Tuesday, November 5, 2024

Sudan Tribune

Plural news and views on Sudan

UN urges calm in Sudanese refugee camp stand-off

KHARTOUM, Sudan, May 25, 2005 (AP) — The U.N. pleaded for calm Wednesday after thousands of riot police surrounded a camp for the displaced to make arrests in connection with deadly clashes there last week.

Jan_Pronk-2.jpgJan Pronk, U.N. Secretary-General Kofi Annan’s special representative to Sudan , called on “authorities and representatives of the people living there to show maximum restraint in handling the situation and to avert loss of life. Too many people have been killed.”

Last week, clashes between police and residents resisting being moved from the camp just outside the capital left 14 policemen and three civilians dead, according to officials. Pronk said the U.N. had received conflicting accounts of the casualties.

Police returned Tuesday and arrested 50 residents of the camp, home to Sudanese who have fled the country’s war zones in the south and west. State Minister of Interior Ahmed Mohamed Haroon told reporters Tuesday that the government would continue with plans to relocate residents from the camp as part of a wider government campaign to reform land use around the capital.

The U.N. has criticized the government’s relocation tactics. Wednesday, Pronk pressed the government to respect the human rights of the displaced.

Also Wednesday, Pronk discussed the upcoming visit of his boss.

Annan’s second trip to Sudan in a year starts Friday, the day after he co-chairs a conference in neighboring Ethiopia to raise funds for the African Union peacekeeping effort in Sudan ‘s western region of Darfur.

During his three-day trip, Annan will meet with Sudanese government officials in Khartoum and visit Darfur, scene of one of the world’s worst humanitarian crises, and southern Sudan , calm now after a generation of civil war.
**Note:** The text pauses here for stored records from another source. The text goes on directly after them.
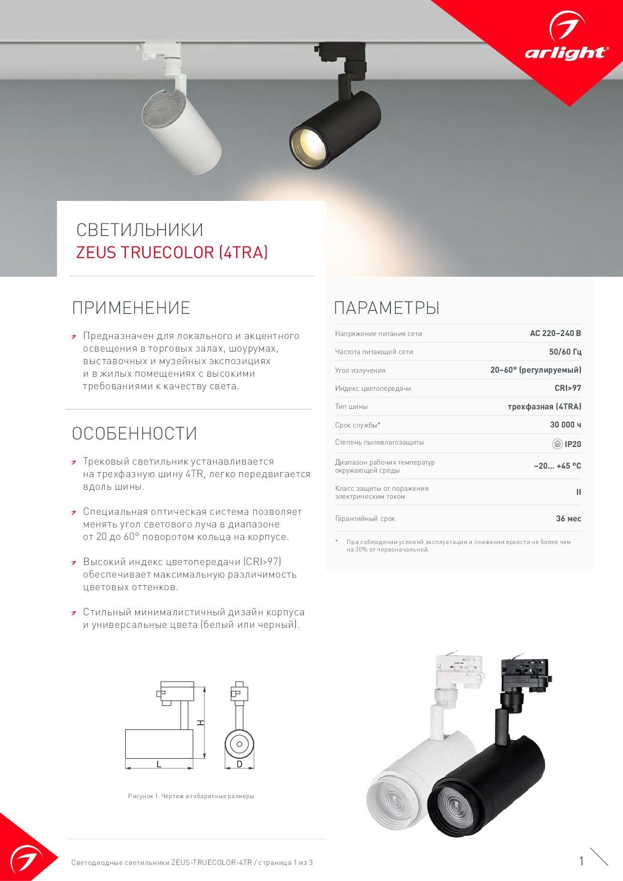 Светильник LGD-ZEUS-TRUECOLOR-4TR-R100-30W Warm3000 CRI98 (WH, 20-60 deg, 230V) (Arlight, IP20 Металл) Arlight 031428
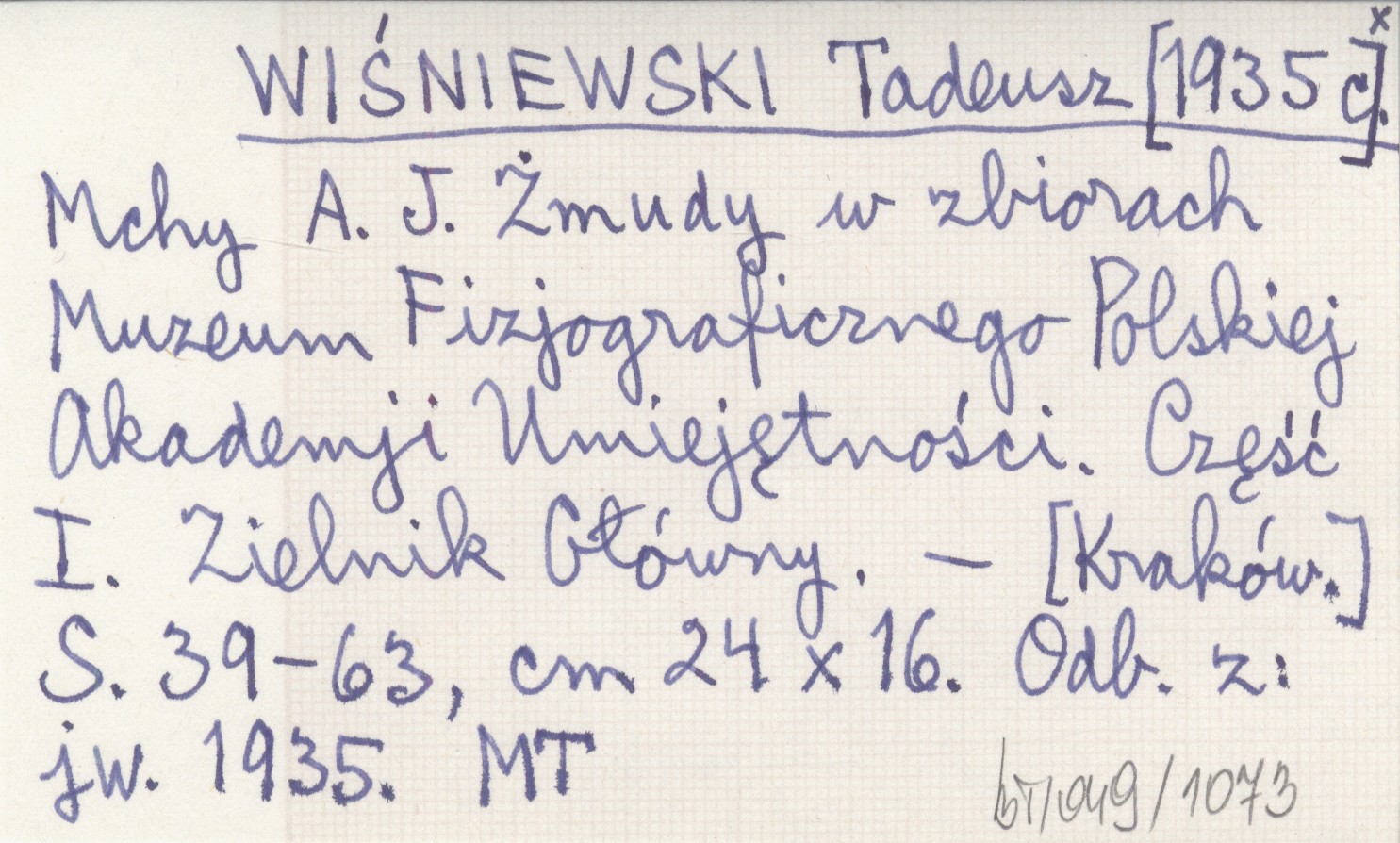 WIŚNIEWSKI Tadeusz [1935 c] Mchy A. J. Żmudy w zbiorach Muzeum Fizjograficznego Polskiej Akademji Umiejętności. Część I. Zielnik Główny.
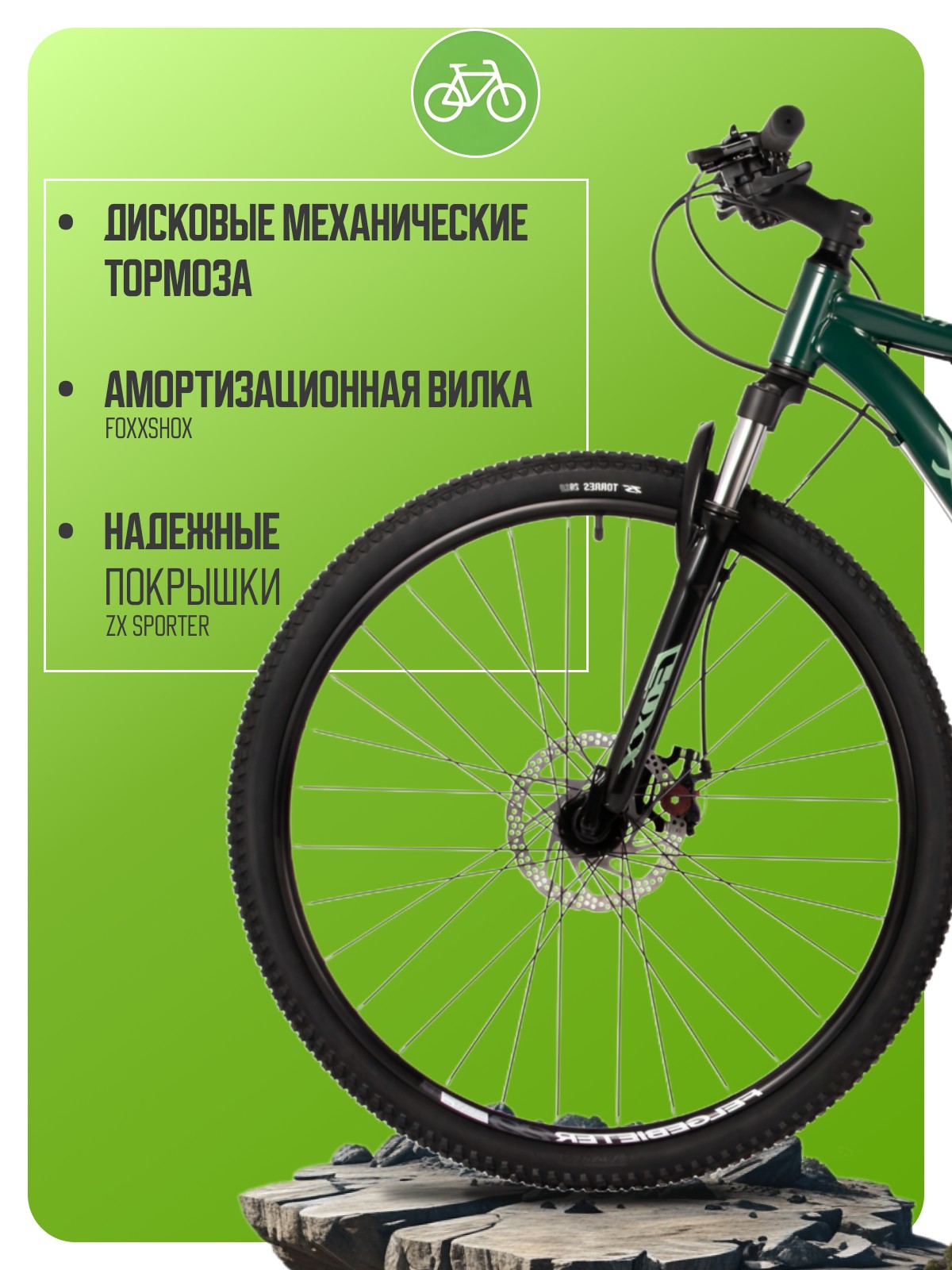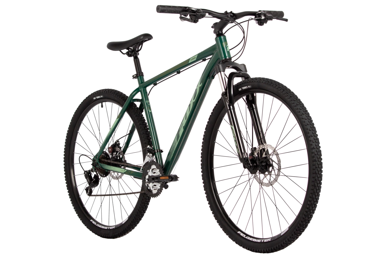 Горный велосипед для начинающих с навесным оборудованием Shimano, 21 скорость. Технические особенности: прочная стальная рама (крепление калипера IS, интегрированный петух), амортизационная вилка Foxxshox (пружинная, ход 50 мм, алюминиевая корона), двойные алюминиевые обода (под AV ниппель), дисковые механические тормоза (роторы 180/160 мм, крепление на 6 болтов), подножка, катафоты. Подходит для прогулочной езды по различным дорогам и пересеченной местности. Диаметр колес - 29 дюйма. Вес - 18 кг.
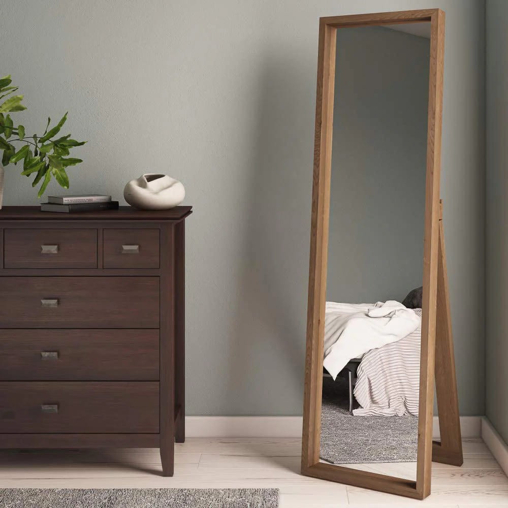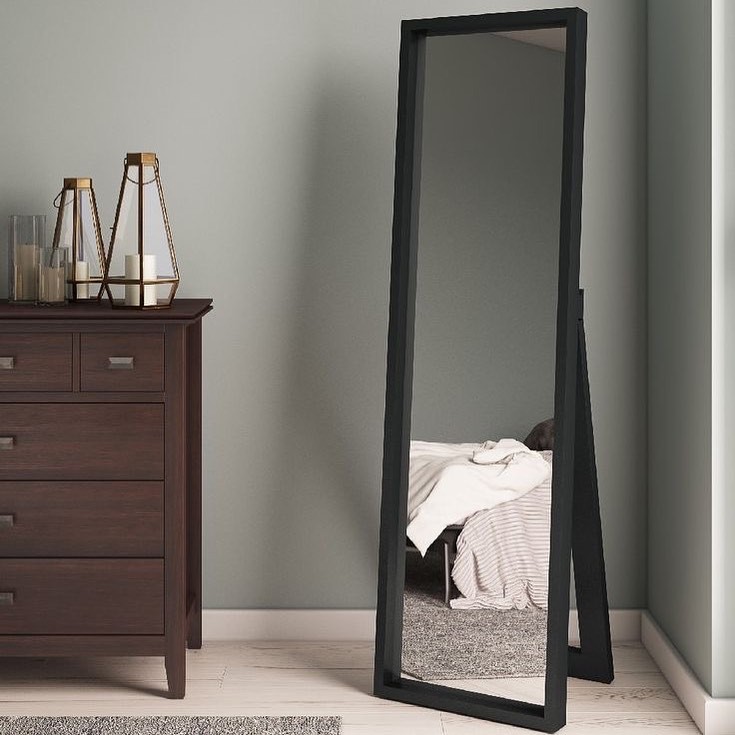 مرآة ستاند قائمة بذاتها بتصميم أنيق وبسيط تناسب كافة المساحات، خاصة غرف النوم أو مناطق الملابس. تتميز بأبعاد تقريبية تبلغ 170 سم في الارتفاع و60 سم في العرض، مما يمنح رؤية شاملة ومتكاملة للجسم بالكامل.
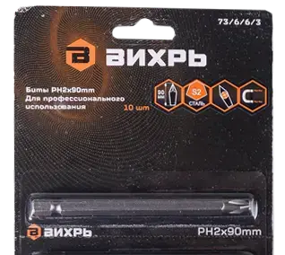 Биты Вихрь PH2 90 мм (73/6/6/3) - предназначены для использования в качестве насадок в шуруповёртах, аккумуляторных отвёртках, ручных и реверсивных отвёртках со сменными насадками.
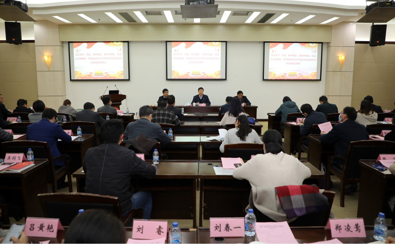 12月8日下午,深入学习“党史、新中国史、改革开放史、社会主义发展史”专题培训暨2020年机关党支部书记培训班结业典礼在图文信息中心第三报告厅举行。校党委书记李江,党委副书记、工会主席史健勇,校党委常委、组织部部长、机关党委书记朱洪春出席活动。机关党委委员、机关各支部书记、机关部(处)长、机关党支部委员、“人生导师”代表等参加本次结业典礼。结业典礼由朱洪春同志主持。

Pronk said Annan would find some improvements in conditions since his visit last June because humanitarian agencies were finding it easier to work in some areas. Fighting and government resistance to outsiders had hampered humanitarian work in the past.

“The situation is of course far from ideal but there is improvement due to humanitarian assistance, due to political activities, and cooperation with the government,” Pronk said.

The crisis in Darfur erupted when rebels took up arms against what they saw as years of state neglect and discrimination against Sudanese of African origin. The government is accused of responding with a counterinsurgency campaign, backing ethnic Arab militia known as Janjaweed in wide-scale abuses against ethnic Africans.